→ **Your goal**
Beneath this instruction is a listing. Transcribe from it only the stretch from the line with "This is a hand-knotted, one-of-a-kind" through the line with "El Domingo 5", both end lines included, exactly as written.

BEGIN

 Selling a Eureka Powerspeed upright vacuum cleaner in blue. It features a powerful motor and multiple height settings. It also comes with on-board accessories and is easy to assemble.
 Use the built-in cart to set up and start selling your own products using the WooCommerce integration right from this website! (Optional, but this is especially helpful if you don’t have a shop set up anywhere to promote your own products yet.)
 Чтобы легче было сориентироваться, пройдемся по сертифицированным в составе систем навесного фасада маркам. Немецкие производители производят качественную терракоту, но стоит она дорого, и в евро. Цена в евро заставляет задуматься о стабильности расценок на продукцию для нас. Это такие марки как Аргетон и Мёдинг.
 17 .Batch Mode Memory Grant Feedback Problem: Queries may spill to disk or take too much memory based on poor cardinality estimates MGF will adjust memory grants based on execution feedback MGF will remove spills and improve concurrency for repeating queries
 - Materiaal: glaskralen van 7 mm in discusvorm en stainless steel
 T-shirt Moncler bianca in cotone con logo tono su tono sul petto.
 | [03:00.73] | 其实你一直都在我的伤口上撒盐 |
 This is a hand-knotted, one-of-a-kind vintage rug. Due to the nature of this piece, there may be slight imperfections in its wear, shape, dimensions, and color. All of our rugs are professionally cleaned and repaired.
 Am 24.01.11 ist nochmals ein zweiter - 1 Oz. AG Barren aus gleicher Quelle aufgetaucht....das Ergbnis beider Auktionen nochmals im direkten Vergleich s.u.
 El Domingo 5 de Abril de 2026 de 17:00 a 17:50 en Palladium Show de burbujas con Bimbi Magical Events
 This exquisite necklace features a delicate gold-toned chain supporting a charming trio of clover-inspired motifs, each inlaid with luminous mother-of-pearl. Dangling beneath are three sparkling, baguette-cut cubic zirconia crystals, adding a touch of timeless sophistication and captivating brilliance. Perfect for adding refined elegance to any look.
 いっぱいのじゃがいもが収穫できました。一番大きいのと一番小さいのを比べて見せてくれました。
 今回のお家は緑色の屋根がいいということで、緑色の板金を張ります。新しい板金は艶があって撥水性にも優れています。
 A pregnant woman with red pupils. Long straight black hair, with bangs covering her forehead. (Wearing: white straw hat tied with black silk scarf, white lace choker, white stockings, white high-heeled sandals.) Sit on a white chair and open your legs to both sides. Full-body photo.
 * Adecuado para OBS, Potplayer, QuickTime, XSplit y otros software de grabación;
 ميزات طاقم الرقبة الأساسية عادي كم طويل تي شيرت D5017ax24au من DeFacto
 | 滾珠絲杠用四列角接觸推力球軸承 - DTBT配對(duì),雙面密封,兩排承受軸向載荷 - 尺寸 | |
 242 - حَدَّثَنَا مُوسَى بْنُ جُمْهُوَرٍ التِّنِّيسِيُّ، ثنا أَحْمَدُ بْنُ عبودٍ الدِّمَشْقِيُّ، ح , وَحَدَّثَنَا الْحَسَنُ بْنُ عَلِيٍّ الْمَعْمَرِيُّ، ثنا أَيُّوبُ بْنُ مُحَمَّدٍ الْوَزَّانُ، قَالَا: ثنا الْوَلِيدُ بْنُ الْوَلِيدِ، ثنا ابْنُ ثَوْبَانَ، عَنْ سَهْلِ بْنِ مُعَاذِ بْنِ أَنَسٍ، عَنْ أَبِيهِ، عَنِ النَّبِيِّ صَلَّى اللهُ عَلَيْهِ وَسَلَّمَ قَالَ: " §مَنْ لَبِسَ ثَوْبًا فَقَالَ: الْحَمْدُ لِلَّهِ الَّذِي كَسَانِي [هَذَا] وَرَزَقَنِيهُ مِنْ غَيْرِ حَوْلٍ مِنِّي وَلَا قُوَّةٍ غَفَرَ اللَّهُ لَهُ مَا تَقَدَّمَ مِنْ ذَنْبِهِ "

END

→ **Task response**
 This is a hand-knotted, one-of-a-kind vintage rug. Due to the nature of this piece, there may be slight imperfections in its wear, shape, dimensions, and color. All of our rugs are professionally cleaned and repaired.
 Am 24.01.11 ist nochmals ein zweiter - 1 Oz. AG Barren aus gleicher Quelle aufgetaucht....das Ergbnis beider Auktionen nochmals im direkten Vergleich s.u.
 El Domingo 5 de Abril de 2026 de 17:00 a 17:50 en Palladium Show de burbujas con Bimbi Magical Events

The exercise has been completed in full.